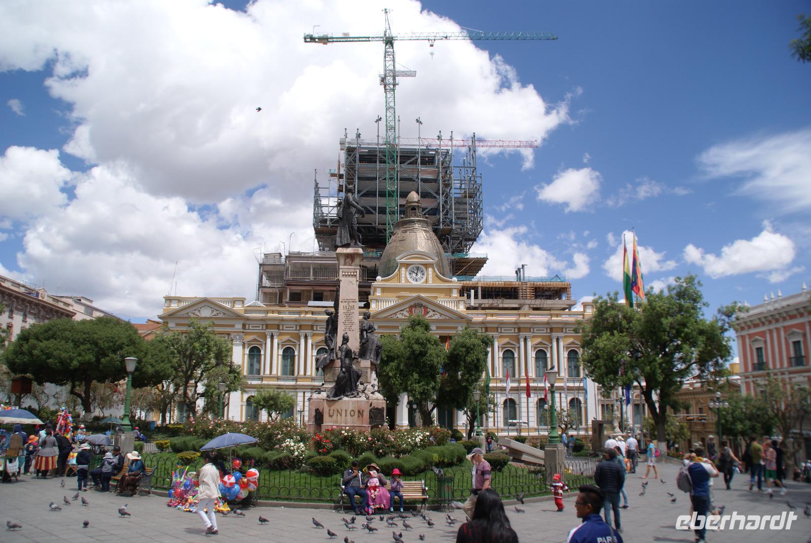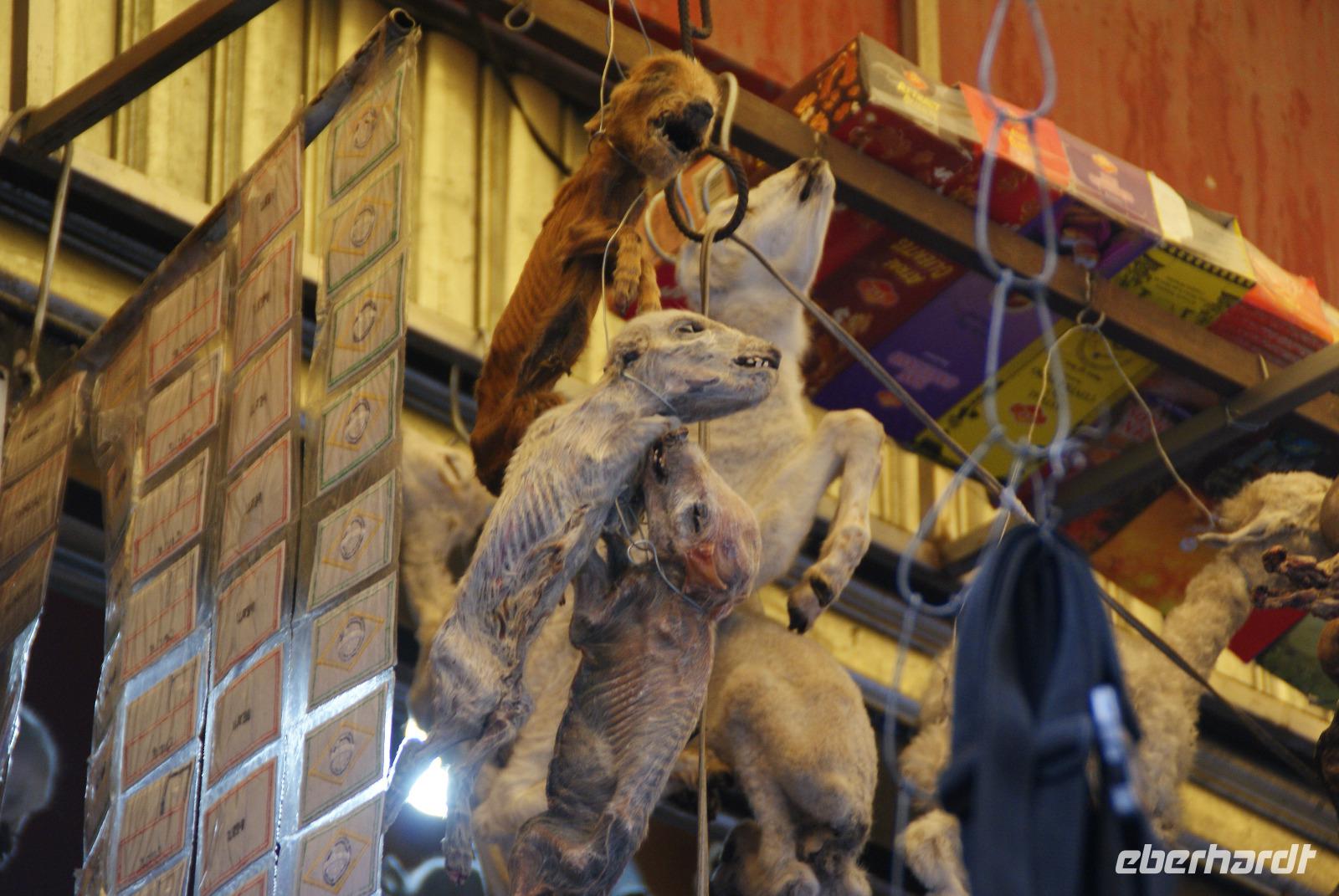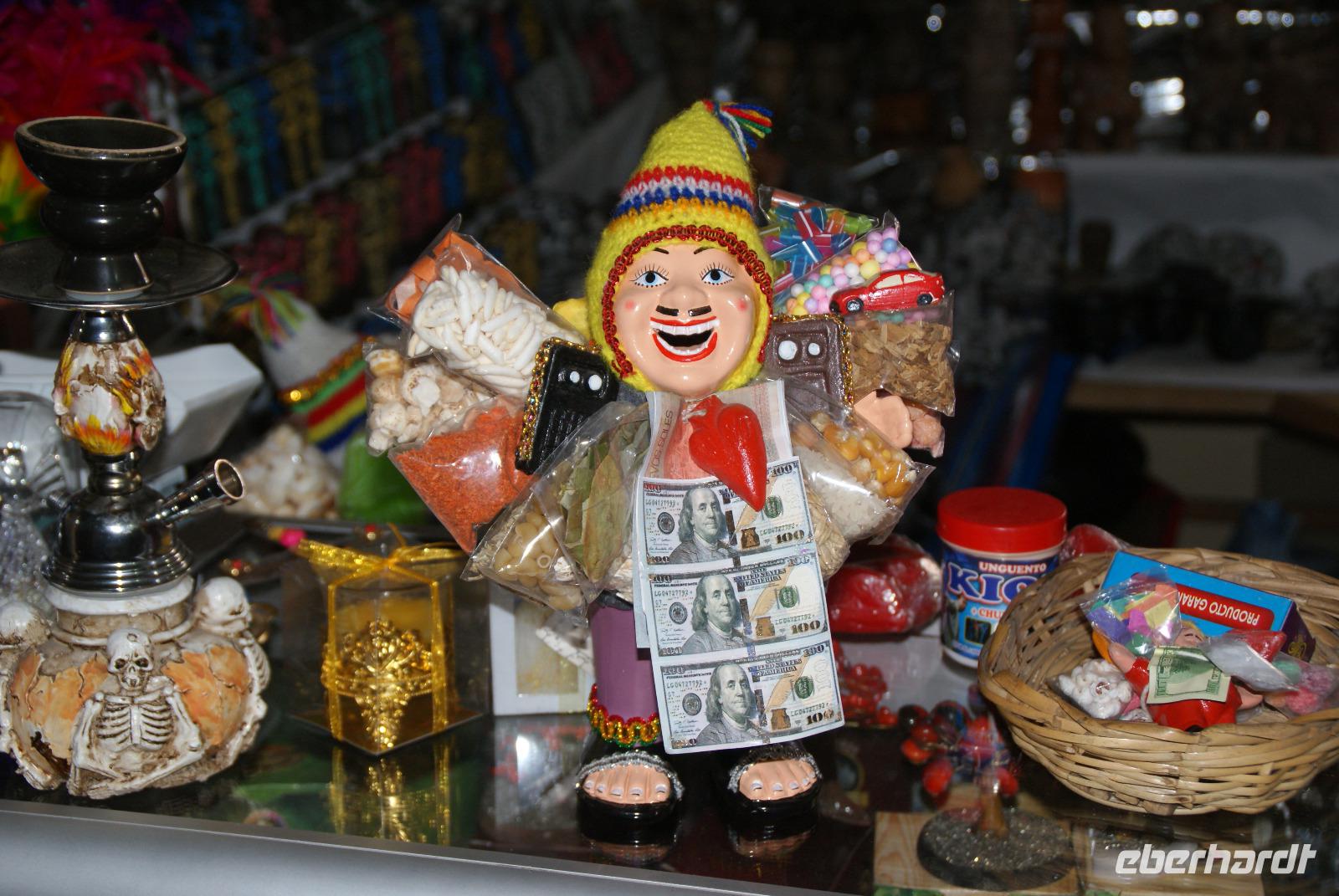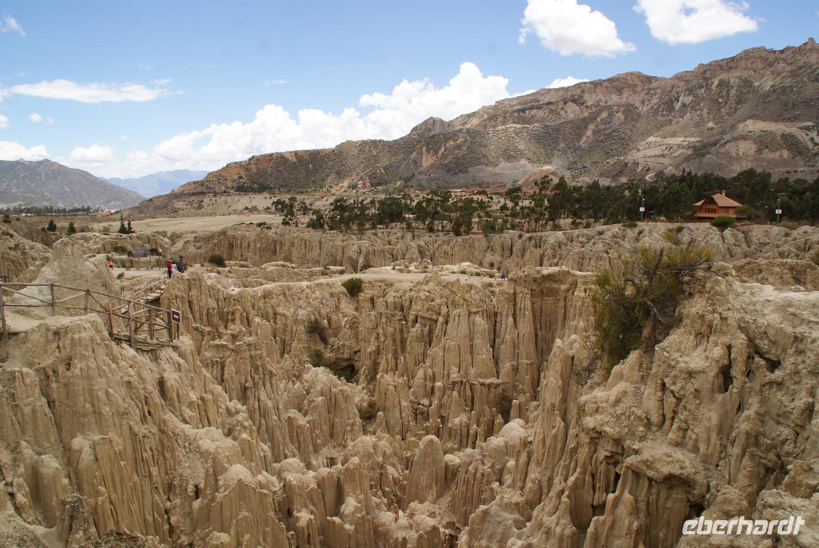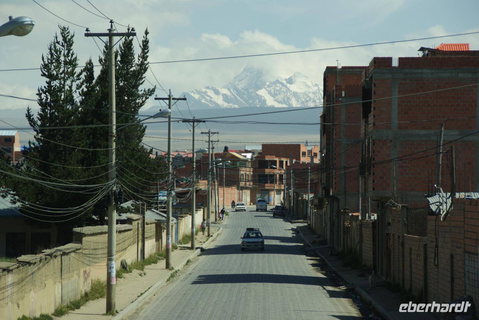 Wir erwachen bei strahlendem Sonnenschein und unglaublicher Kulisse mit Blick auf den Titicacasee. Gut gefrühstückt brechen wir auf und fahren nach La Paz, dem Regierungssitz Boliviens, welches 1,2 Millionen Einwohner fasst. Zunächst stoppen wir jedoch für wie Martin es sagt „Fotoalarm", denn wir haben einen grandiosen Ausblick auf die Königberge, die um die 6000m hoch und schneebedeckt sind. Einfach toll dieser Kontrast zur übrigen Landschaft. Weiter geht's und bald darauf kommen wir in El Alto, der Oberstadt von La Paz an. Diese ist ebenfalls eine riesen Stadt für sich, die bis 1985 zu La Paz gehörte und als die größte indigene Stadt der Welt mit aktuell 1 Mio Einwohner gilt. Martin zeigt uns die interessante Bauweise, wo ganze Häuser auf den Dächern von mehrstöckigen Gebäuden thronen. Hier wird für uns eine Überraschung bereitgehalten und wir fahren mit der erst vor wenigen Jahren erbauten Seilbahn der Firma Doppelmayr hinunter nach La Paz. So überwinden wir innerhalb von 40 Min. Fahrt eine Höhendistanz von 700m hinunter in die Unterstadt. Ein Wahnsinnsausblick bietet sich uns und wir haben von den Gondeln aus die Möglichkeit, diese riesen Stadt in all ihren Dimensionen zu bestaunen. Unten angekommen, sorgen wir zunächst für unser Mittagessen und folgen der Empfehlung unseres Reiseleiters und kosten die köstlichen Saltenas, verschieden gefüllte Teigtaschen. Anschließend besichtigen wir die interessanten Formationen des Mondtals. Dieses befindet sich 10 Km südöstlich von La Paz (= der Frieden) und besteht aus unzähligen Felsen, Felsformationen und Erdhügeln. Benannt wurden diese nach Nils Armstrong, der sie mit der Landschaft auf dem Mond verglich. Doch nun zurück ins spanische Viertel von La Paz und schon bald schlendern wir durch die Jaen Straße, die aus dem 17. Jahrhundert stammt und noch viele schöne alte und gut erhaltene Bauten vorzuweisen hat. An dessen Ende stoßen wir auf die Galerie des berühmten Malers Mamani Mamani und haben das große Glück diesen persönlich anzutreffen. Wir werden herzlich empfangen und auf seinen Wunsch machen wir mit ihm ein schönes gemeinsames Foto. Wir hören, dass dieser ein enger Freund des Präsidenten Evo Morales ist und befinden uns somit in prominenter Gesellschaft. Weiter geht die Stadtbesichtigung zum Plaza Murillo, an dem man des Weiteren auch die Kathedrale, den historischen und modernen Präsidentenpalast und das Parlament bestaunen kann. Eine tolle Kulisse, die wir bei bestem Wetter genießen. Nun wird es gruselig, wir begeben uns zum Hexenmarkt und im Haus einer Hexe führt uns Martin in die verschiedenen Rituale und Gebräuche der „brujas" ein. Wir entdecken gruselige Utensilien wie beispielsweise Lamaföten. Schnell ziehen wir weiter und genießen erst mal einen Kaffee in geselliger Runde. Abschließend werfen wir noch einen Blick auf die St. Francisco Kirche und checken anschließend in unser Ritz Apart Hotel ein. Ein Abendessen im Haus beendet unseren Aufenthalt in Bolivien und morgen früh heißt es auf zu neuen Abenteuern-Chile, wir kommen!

--

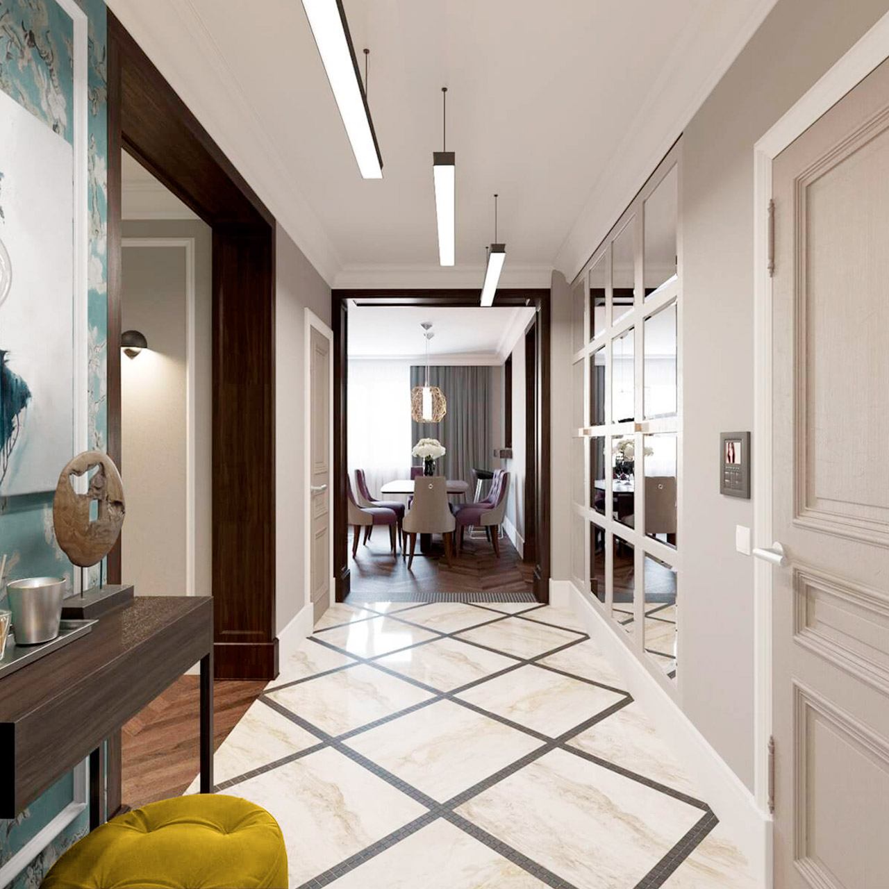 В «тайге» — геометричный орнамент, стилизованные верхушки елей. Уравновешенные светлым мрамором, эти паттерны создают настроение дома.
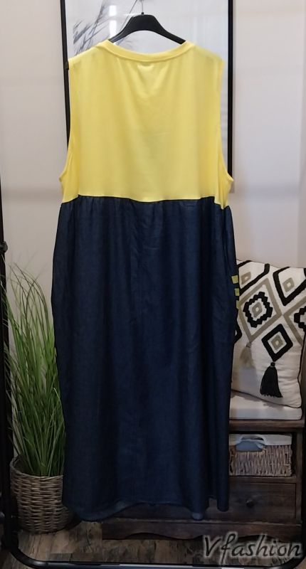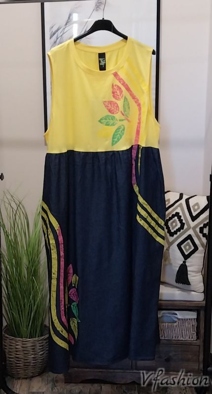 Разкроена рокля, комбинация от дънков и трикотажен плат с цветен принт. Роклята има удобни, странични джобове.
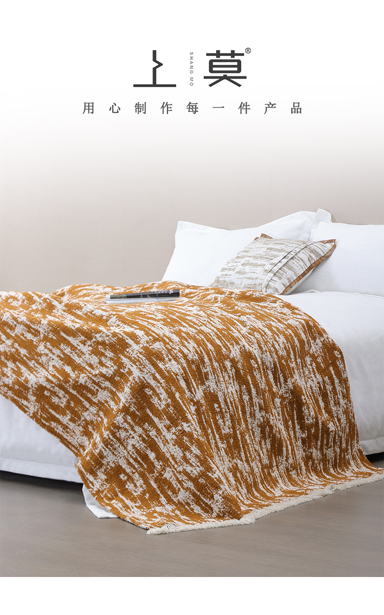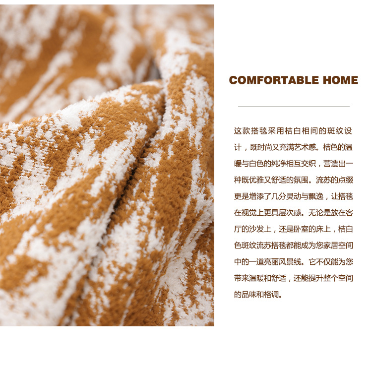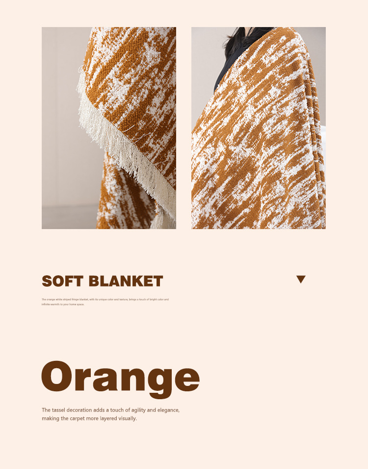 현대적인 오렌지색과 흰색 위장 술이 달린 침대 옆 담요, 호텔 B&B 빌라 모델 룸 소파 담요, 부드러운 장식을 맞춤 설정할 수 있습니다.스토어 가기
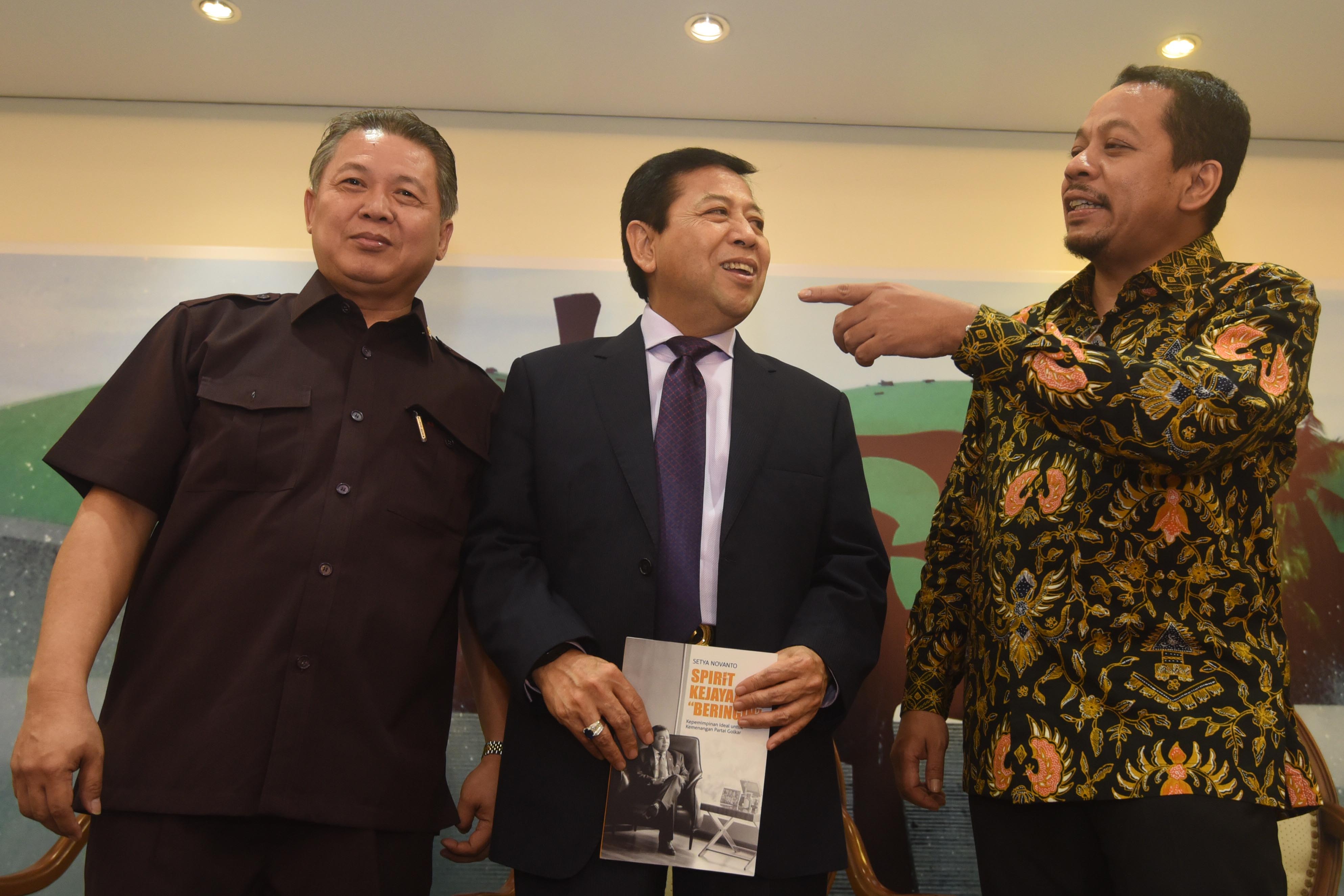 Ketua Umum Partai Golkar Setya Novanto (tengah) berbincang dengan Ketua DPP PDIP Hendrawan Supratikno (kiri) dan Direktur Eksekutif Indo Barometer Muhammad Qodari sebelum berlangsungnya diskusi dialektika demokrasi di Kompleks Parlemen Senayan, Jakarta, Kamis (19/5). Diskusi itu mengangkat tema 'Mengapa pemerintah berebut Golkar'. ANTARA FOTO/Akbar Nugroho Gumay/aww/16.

Problem details: In the listing above, find the line containing "Разкроена рокля, комбинация" and the line containing "Ketua Umum Partai"; print those lines and every line between them exactly, leaving out pictures.

Result below:
 Разкроена рокля, комбинация от дънков и трикотажен плат с цветен принт. Роклята има удобни, странични джобове.
 현대적인 오렌지색과 흰색 위장 술이 달린 침대 옆 담요, 호텔 B&B 빌라 모델 룸 소파 담요, 부드러운 장식을 맞춤 설정할 수 있습니다.스토어 가기
 Ketua Umum Partai Golkar Setya Novanto (tengah) berbincang dengan Ketua DPP PDIP Hendrawan Supratikno (kiri) dan Direktur Eksekutif Indo Barometer Muhammad Qodari sebelum berlangsungnya diskusi dialektika demokrasi di Kompleks Parlemen Senayan, Jakarta, Kamis (19/5). Diskusi itu mengangkat tema 'Mengapa pemerintah berebut Golkar'. ANTARA FOTO/Akbar Nugroho Gumay/aww/16.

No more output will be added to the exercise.